I think one of the interesting things that we've heard talking to experts and company management teams on this particular topic is just the stratification within the labour market. How this phenomenon is playing out within different groups in a different kind of way. I was really struck by a comment that one industry leader said that, actually, the pandemic had different effects on different groups based upon whether or not you worked in a service industry, where being told you could work from home was very liberating, it gave people freedom and they really appreciated that.

In fact, for some now, the return to premises, the return to the office is, in some ways, taking away some of that freedom, and there's a degree of reticence for that. We hear that from employment consultants who are saying that those firms who continue to offer that degree of freedom are having more success in actually recruiting and retaining labour.

On the other hand, individuals who work in key roles, the key workers, found that with the pandemic they were denied freedom. There were certain ways of working that had to be followed and they had to be there because of the nature of their work. That differential has created stresses within the labour market, and those stresses arguably are, I would suggest, that perhaps were contributing to this period of rotation now that we're in this element at this period of catch-up.

This is essentially also what is confirmed by the actual data, because if you look at the resignation rates by sector, for instance, the precisely the sectors you just touched on with the highest quit rates, for instance, hospitality, critical care, retail trade, non-durable good manufacturing, those all tend to have lower wages as well and also have the highest quit rates.

On the other hand, we saw that in the workforce potentially higher-paying industries like business services, professional services actually increased. I almost think about it as instead of phrasing it the Great Resignation, more as a great reshuffle, from lower-paying industries towards higher-paying industries. This also leads toward a new boldness of employees. It gives them bargaining power given that unemployment rate as historic lows in the UK as well as in the US.

That brings us onto a much more topical conversation about labour relations, which we've seen played out in the press at the moment.
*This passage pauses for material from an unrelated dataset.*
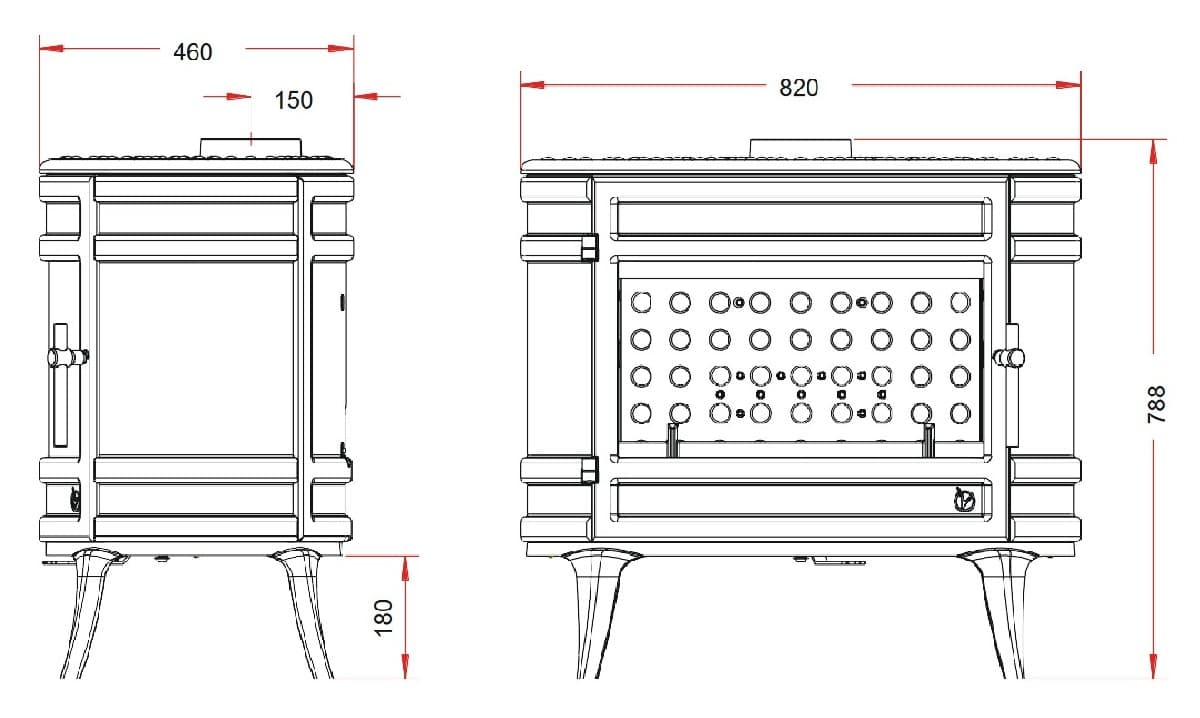 - Диаметр дымохода 150 мм,

I also wonder, Kilian, whether actually, it's not just about wages and about the compensation for time, but also about the quality or the nature of work that people are responding to. It seems that those companies and those industries that are able to offer more fulfilling roles having more success at recruiting and retaining labour than those who are perhaps relying upon perhaps more old-fashioned ways of working who haven't been prepared to invest.

I think that probably speaks to what you're saying at the beginning point about how workforces, how labour, how human capital is a really important stakeholder group, a really important intangible asset of many companies. You won't often see it actually reflected in companies' financial statements, but as investors, it's a really important component for us to pay attention to.
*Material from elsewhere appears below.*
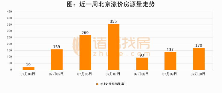 根据诸葛找房数据显示,北京24小时涨价房源量为170套,较07月09日增加33套,环比上涨24.1%。与此同时,涨价房源占比小幅扩大,业主信心有所提升。

Absolutely. Ultimately, we are talking about purpose, I think. Also, for the employees choosing work and especially if I think, for instance, about the generation that which will account for 30% of the workforce in 2030. It will be increasingly difficult for employers to attract and retain talent from this generation because the demands, and you touched on this old-fashioned thinking about employment and retention. I think companies, great businesses will need to rethink, and I'm confident they will find measures in order to attract and retain talent.

Especially if I think of technology companies, they're competing for top talent in the sectors. It'll be really fascinating to watch, and certainly also, a lot of our engagement activities will be around this topic going forward.

Thank you very much indeed for joining us. I hope this was of interest for you, and we look very much forward in catching up with you again soon. Thank you very much, Jeremy.